The Korsmeyer–Peppas equation (Eq. 9) was applied to the data obtained for drug release investigation.

$$D=\frac{{Q}_{t}}{{Q}_{0}}=Ktn$$
(9)

where P is the accumulative drug release percentage, Qt and Qo are the amounts of drug released into the dissolution medium at time (t) and time (0), respectively, and K and n are the two constants. The values of “n” describe the characteristic of the drug release mechanism [55].

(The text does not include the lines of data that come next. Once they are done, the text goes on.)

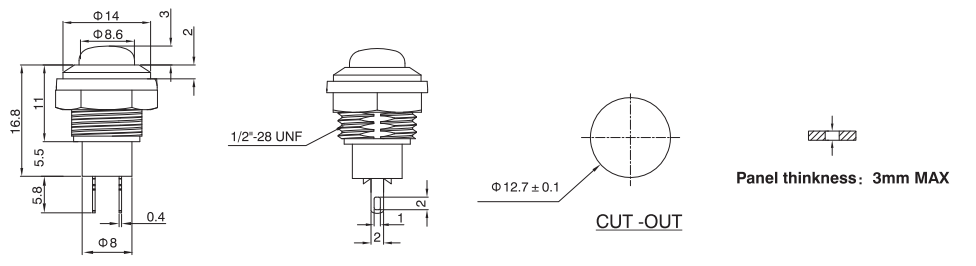 按鍵開關PB系列,功能有帶鎖LOCK和復位常開,開孔10~16不等,常于設備儀器,家電產品等
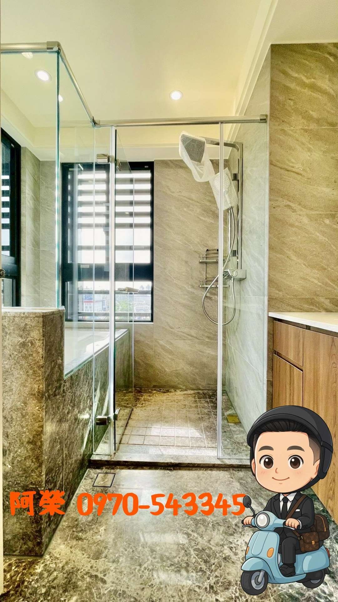 🍎適合居住的三面採光空間,除了乾濕分離的浴室空間,雙衛浴開窗,高規格四件式主衛浴配置浴缸,完整
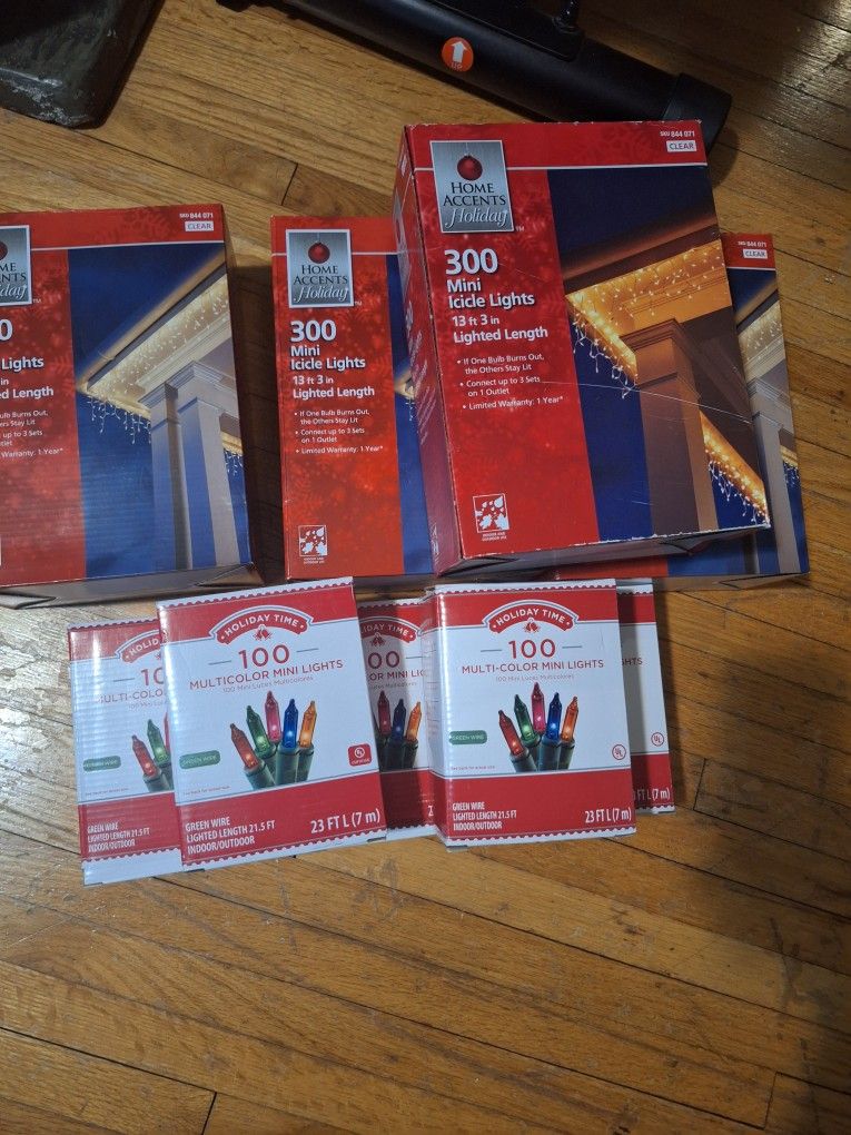 4 packs of 300 mini icicle lights 5 packs 100 multi color lights 8 red and green bows 5 red and white bows
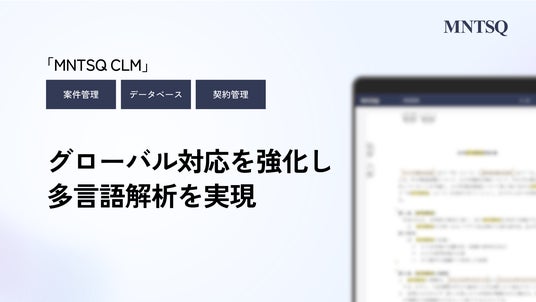 「すべての合意をフェアにする」をビジョンに掲げるMNTSQ株式会社(本社:東京都中央区、代表取締役:板谷 隆平、以下「当社」)は、提供する「MNTSQ CLM」において、従来の日本語・英語に加え、多言語の契約書をAI解析(要素分解)できる機能を追加したことをお知らせいたします。
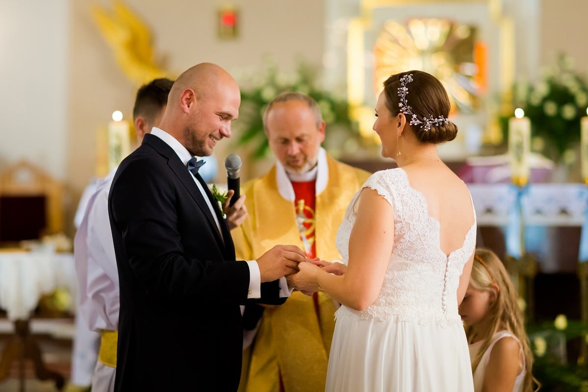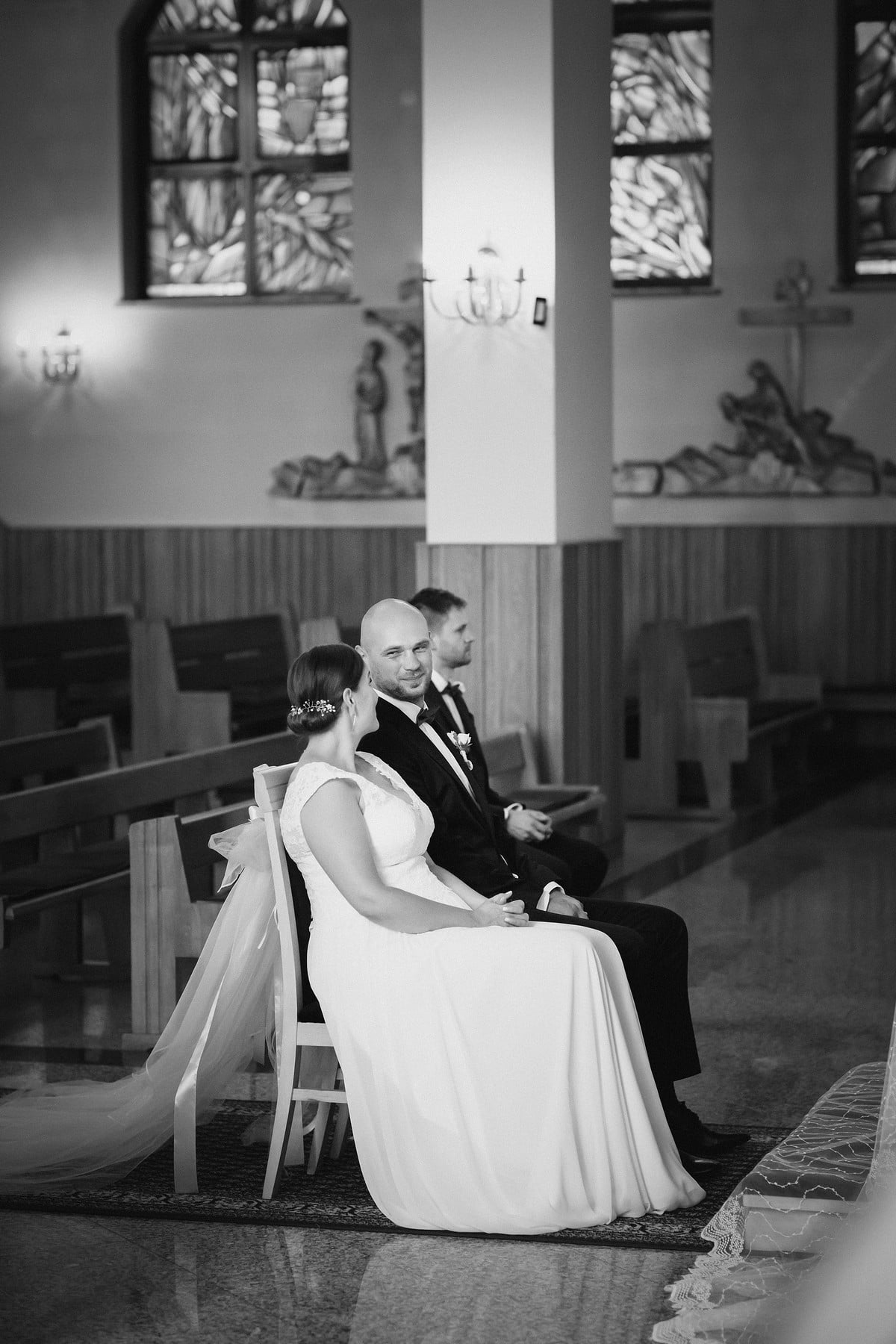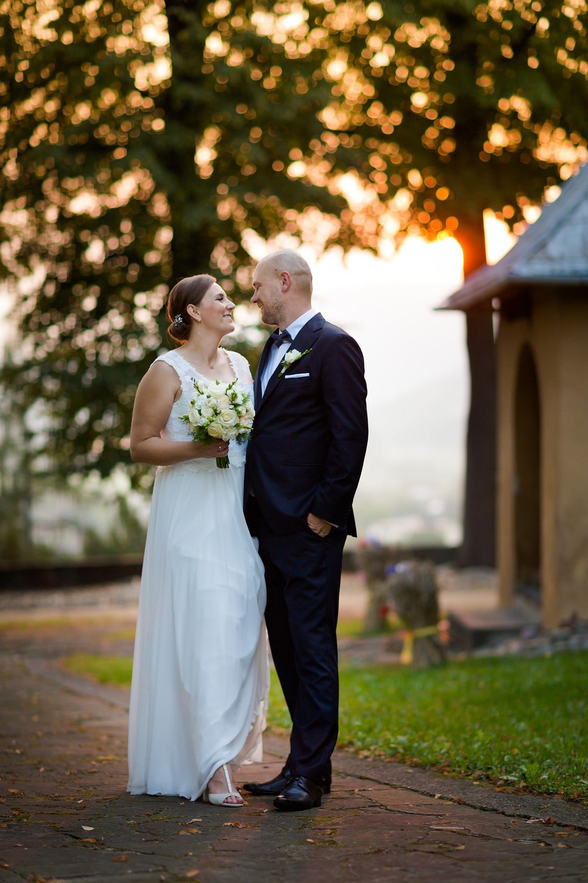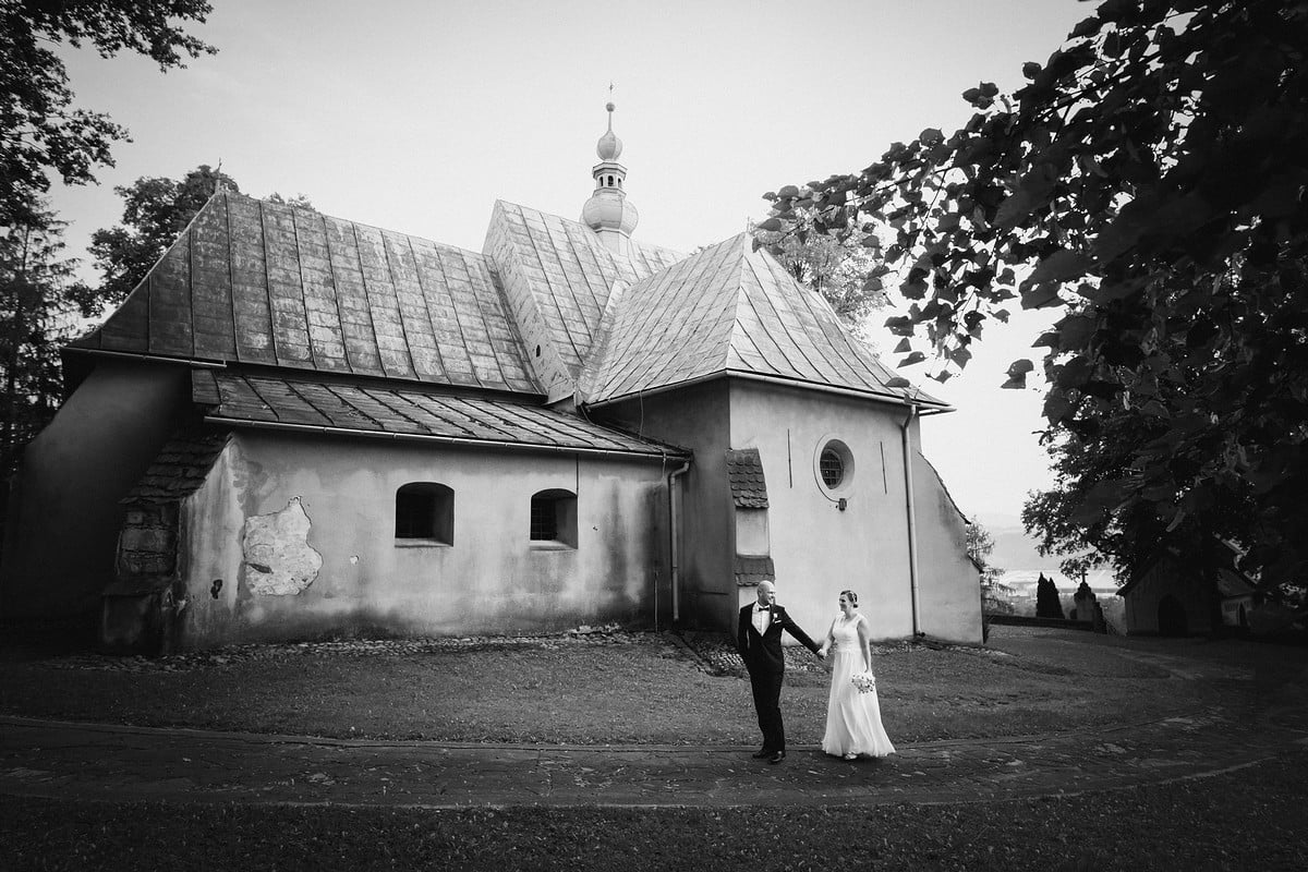 Bardzo lubimy, gdy na sesje ślubne udajemy się w miejsca dla nas jak dotąd nieznane, w miejsca bliskie Wam. Tak też było tym razem – wybraliśmy się w okolice przepięknego zabytkowego kościółka na wzgórzu z widokiem na okolicę. Zachodzące słońce było wymarzoną scenerią do zdjęć, a Monika z Danielem mogli chwilę odetchnąć, pospacerować, nacieszyć się sobą przed dalszą szaloną zabawą weselną.
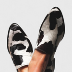Built-in comfort with an attractive design for everyday use. The mules from Karna combine the elegance of a pointed toe with a bold black and white animal print finish. Their low heel, quality materials, and comfortable fit make them an ideal choice for effortless style.

As we know from previous knowledge, the value of “n” gives us information about the drug release mechanism. According to the previous knowledge, the value of “n” less than 0.45 indicates that drug release follows the diffusion mechanism, while higher than 0.90 indicates that drug release follows the erosion mechanism. However, a value in the range of 0.45 to 0.90 shows that drug release is the combination of both diffusion and erosion mechanisms [36, 56]. According to the results in Table S4, the value of “n” is in the range of 0.5 to 0.6, showing that the release of the drug followed a complex mechanism in which both the erosion and diffusion processes are involved. In a more conclusive form, we can say that the release of the drug was due to the irregular and nonuniform cross-linking of the core shell with each other through PEG and the highly swelling capability of the network formed in the hydrogel. These results suggest that the prepared composite hydrogel PEG-CS can be used for the effective sustained release of the drugs.

4 Conclusions

In the present study, we successfully fabricated the hydrogels of virgin PEGDA and PEG-CS through free radical polymerization. The fabrication was confirmed by different analytical techniques, including SEM, FTIR, and XRD analyses. The thermal stability and swelling ratios of the PEG-CS hydrogels were higher than virgin PEGDA hydrogels. The swelling ratio was found to be 130% for virgin PEGDA hydrogel, while for PEG-CS composite hydrogel was 225%. Furthermore, ciprofloxacin was used as a model drug to investigate the loading efficiency of PEG-CS at different pHs, times, and concentrations. Maximum loading was found at pH 8 and a time of 8 h, while it increased with an increase in the concentration of the drug in the solution. The drug-loaded hydrogels were further studied for a controlled release study of the loaded drug at pH 7.4 and 37 °C, and it was found that the release occurs slowly, up to 80% in 24 h. From all the data, it can be said the PEG-CS composite hydrogel, having a high amount of CS latex, is an efficient drug delivery system that can be applied to control the loading and release of the drug.